British colony in Polynesia, 5,300 km/3,300 mi northeast of New Zealand; area 47 sq km/18 sq mi; population (2005 est) 46. The capital is Adamstown. Products are coconuts, bananas, breadfruit, yams, pineapples, tomatoes, oranges, and pineapples; souvenirs are sold to passing ships.

Geography The island group comprises Pitcairn Island (area 4.6 sq km/2.9 sq mi); the uninhabited Henderson Islands, an unspoiled coral atoll with a rare ecology, which has been a World Heritage Site since 1989; and the tiny Ducie and Oeno islands.

History It was visited in 1767 by Captain Philip Carteret in his sloop Swallow, who named it Pitcairn after the midshipman who sighted it. After his return to England Carteret published an account of his voyage, and there was a copy of the book in the Bounty when it sailed from Spithead in 1787 under the command of William Bligh. The island remained uninhabited until 1790, when it was occupied by the mutineers of the Bounty, under Fletcher Christian, with some women from Tahiti. Christian and the other mutineers destroyed the Bounty so as to sever all links with the outside world. For 18 years they remained undisturbed until, in 1808, an US ship, Topaz, called at Pitcairn Island, not knowing what land it was, on the chance of finding seals and fresh water. The crew realized that they had found the solution of the mystery of the Bounty's mutineers, only one of whom, John Adams, was left. Later over-population became a problem, and in 1831 the islanders moved to Tahiti, but in the following year they returned to Pitcairn Island. By this time the island was being increasingly visited by whalers, followed before long by passenger ships. In 1856 the population numbering 194 were, at their own request, shipped to Norfolk Island (where the youngest member of the party brought from Pitcairn Island survived until 1943).

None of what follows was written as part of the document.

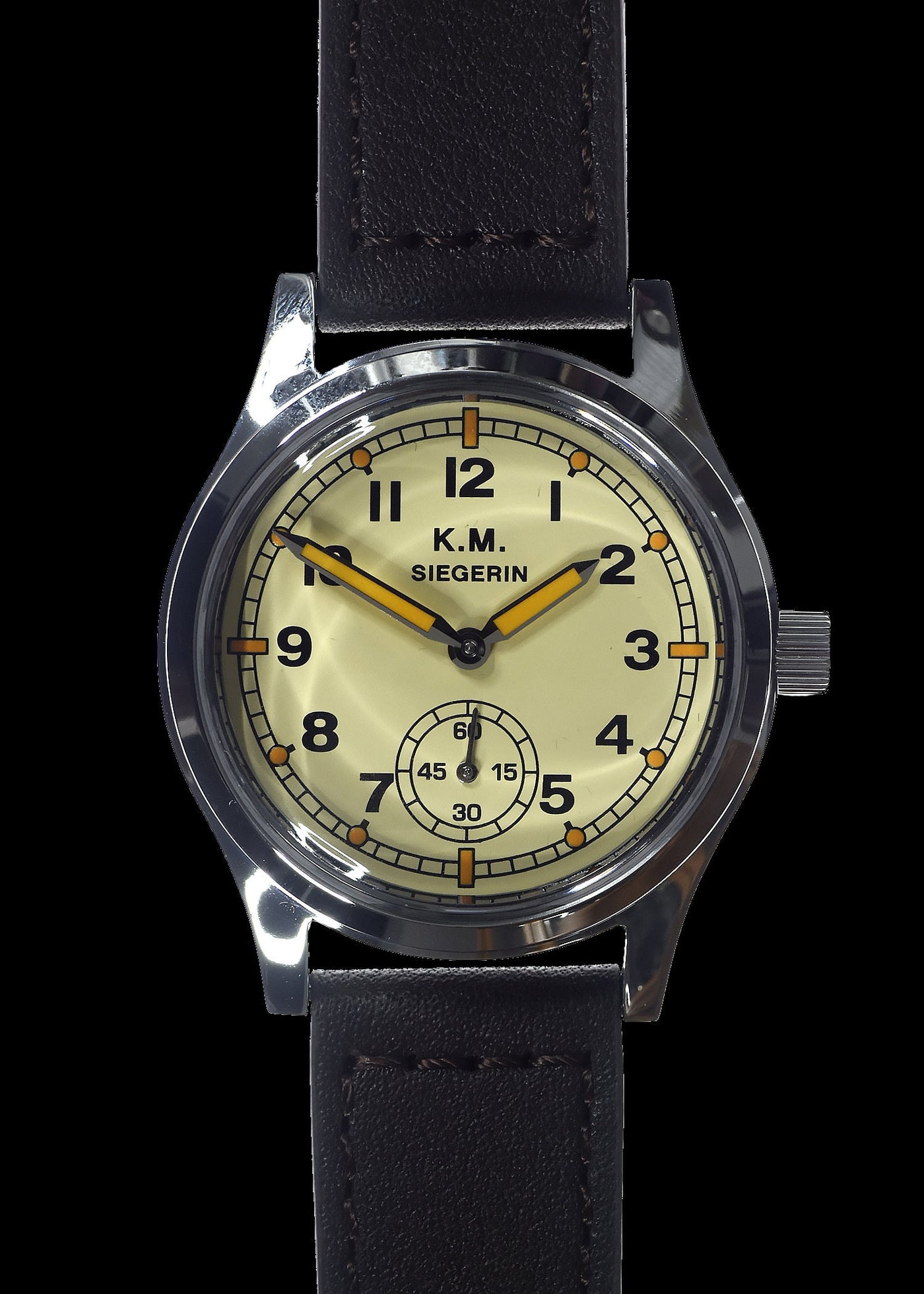 Die Siegerin Kriegsmarine (German Navy) WW2 ist mit automatischem Uhrwerk und gehärtetem Mineralglas ausgestattet und wasserdicht bis 100 Meter. Damit ist sie eine zuverlässige Wahl für Militärangehörige, Abenteurer und Uhrenliebhaber.

Forty of the party, however, soon returned, and at the beginning of the 20th century the population numbered nearly 200, and in 1936 it was 202. But in 1949 this figure had fallen to 125, owing to the emigration of young people to Australia and New Zealand.

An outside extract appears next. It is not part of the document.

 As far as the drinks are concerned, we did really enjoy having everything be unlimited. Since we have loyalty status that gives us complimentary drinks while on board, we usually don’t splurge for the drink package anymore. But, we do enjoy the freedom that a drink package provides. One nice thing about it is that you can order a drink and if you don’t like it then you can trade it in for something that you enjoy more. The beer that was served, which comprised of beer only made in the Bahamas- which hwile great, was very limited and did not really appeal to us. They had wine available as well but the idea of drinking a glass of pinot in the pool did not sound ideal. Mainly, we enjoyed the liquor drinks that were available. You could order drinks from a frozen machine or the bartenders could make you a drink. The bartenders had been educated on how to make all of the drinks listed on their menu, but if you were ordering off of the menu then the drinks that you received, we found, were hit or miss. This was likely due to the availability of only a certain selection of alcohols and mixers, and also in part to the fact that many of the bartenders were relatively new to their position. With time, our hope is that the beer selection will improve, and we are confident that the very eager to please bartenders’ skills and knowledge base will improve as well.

Administration Pitcairn Island was annexed by Britain in 1887. It was brought within the jurisdiction of the high commissioner for the West Pacific in 1898, and in 1902 there were annexed to it the uninhabited islands of Henderson, Ducie, and Oneo, occasionally visited by the Pitcairners for the collection of wood and other purposes. The group is administered by the governor (the British high commissioner in New Zealand) in consultation with an Island Council which is elected annually by popular vote of all the islanders over 18. The chief magistrate is (since 1952) elected triennially, and the island secretary appointed by the governor of the Fiji Islands. The latest revision of the regulations for the internal government of the island was passed by a general assembly of all the native-born inhabitants in 1940.

Facilities Educational facilities exist, but there are no medical services or any regular transport service between New Zealand and Pitcairn Island. In 1949 the original Pitcairn Island Bible was returned to Pitcairn Island by the Connecticut Historical Society, the islanders being now all Seventh Day Adventists.